Kardiologia polska 2017 12 01() doi 10.5603/KP.a2017.0228
Cardionhibitory syncope is related with excessive bradycardia or asystole due to parasympathetic response.
We investigated whether patients with cardioinhibitory syncope have higher heart rate recovery index (HRRi) considered as an parasympathetic system activation in exercises stress testing (EST) than other those with other neurogenic syncope forms METHODS: A total of 262 patients who had neurogenic syncope documented by head-up tilt test (HUTT) and 199 healthy control individuals were examined. A maximal EST was applied to all patients after the HUTT. The HRRi was obtained by subtracting the heart rate that was measured at the first (HRRi-1), second (HRRi-2) and third minute (HRRi-3) of the recovery period from the maximal heart rate that was measured during the test.

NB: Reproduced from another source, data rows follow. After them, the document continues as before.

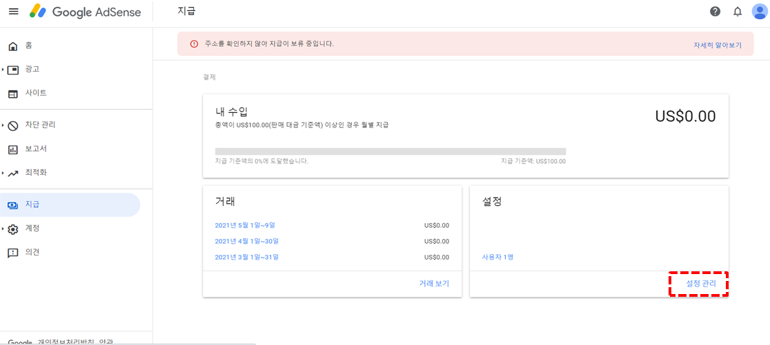 애드센스 홈페이지에서 주소를 확인하고 변경하는 법을 알려드리겠습니다.
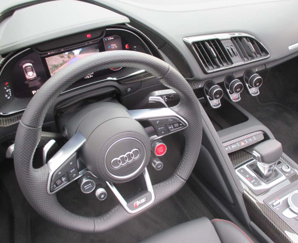Das Monoposto-Cockpit fasst die wichtigsten Funktionen am Sportlederlenkrad mit zwei Satellitentasten zusammen. Die virtuellen Anzeigen im 12,3-Zoll-Farbdisplay lassen sich frei konfigurieren. Navigation ist Serie. Ebenso sind es Sprachsteuerung und Gurtbandmikrofone für komfortables Telefonieren. Zum ersten Mal hat Audi Lautsprecher in die Kopfstützen eingebaut.
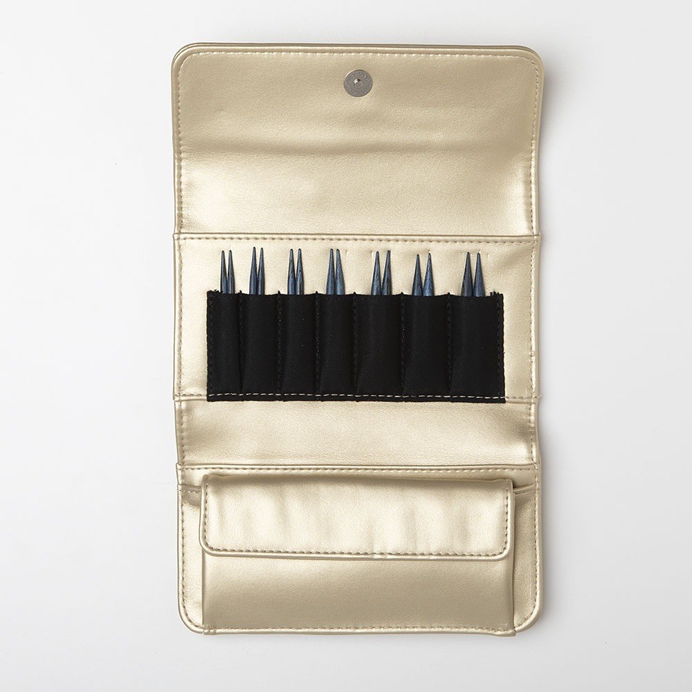 Limited Edition! Our Knit Picks Options™ Interchangeable knitting needles are crafted for knitters who demand versatility, comfort, and precision. Made from durable and lightweight materials, these needles are known for their smooth, snag-free joins, making transitioning between cables and tips effortless. Whether you’re knitting a cozy sweater or intricate lace, the tapered tips allow for easy stitch manipulation and quick progress. Customers rave about the high-quality feel of the needles, highlighting the comfort during long knitting sessions and the flexibility offered by the interchangeable system. The cables are flexible yet sturdy, and the needles glide through yarn without splitting. Perfect for both beginner and advanced knitters alike, these needles combine the joy of knitting with lasting durability and performance. Material: Laminated Birch Wood Needle Tip Length: 2.75" (7cm) Set Includes: Blue & Gold Short Interchangeable Tips US Sizes: 4, 5, 6, 7, 8, 9,and 10 (3.50mm, 3.75mm, 4.00mm, 4.50mm, 5.00mm, 5.50mm, and 6.00mm) Black Nylon Cables 2x 16" lengths* Accessories Small gold vegan leather clutch, 30 locking metallic stitch markers, 4 black end caps, 2 cable keys, and cable connectors * Sizing of the interchangeable cables refers to the total length achieved when the needle tips are attached to the cables.

80 patients had cardioinhibitory syncope, 118 patients had vasodepressor syncope, and 64 patients had mixed type syncope. The HRRi-1 was higher in patients with syncope (43.3±7.7) compared to the control group (34.5±4.8) (p<0.001). Among the syncope groups, there was no difference between patients with vasodepressor syncope (42.2±7.6) and patients with mixed type syncope (40.7±4.1) in terms of HRRi-1 according to post hoc analysis (p=0.420). However, patients with cardioinhibitory syncope (47±8.7) had a higher HRRi-1 than vasodepressor and mixed type syncope groups (p<0.05). The threshold value of the HRRi-1, which can be used for the prediction of cardioinhbitory syncope development, was determined to be 41 with 75% sensitivity and 72% specificity. CONCLUSIONS
The HRRi-1 was higher in patients with cardioinhibitory syncope compared to the controls. The HRRi-1 has the predictive feature of differentiating cardioinhibitory syncope from other syncope types.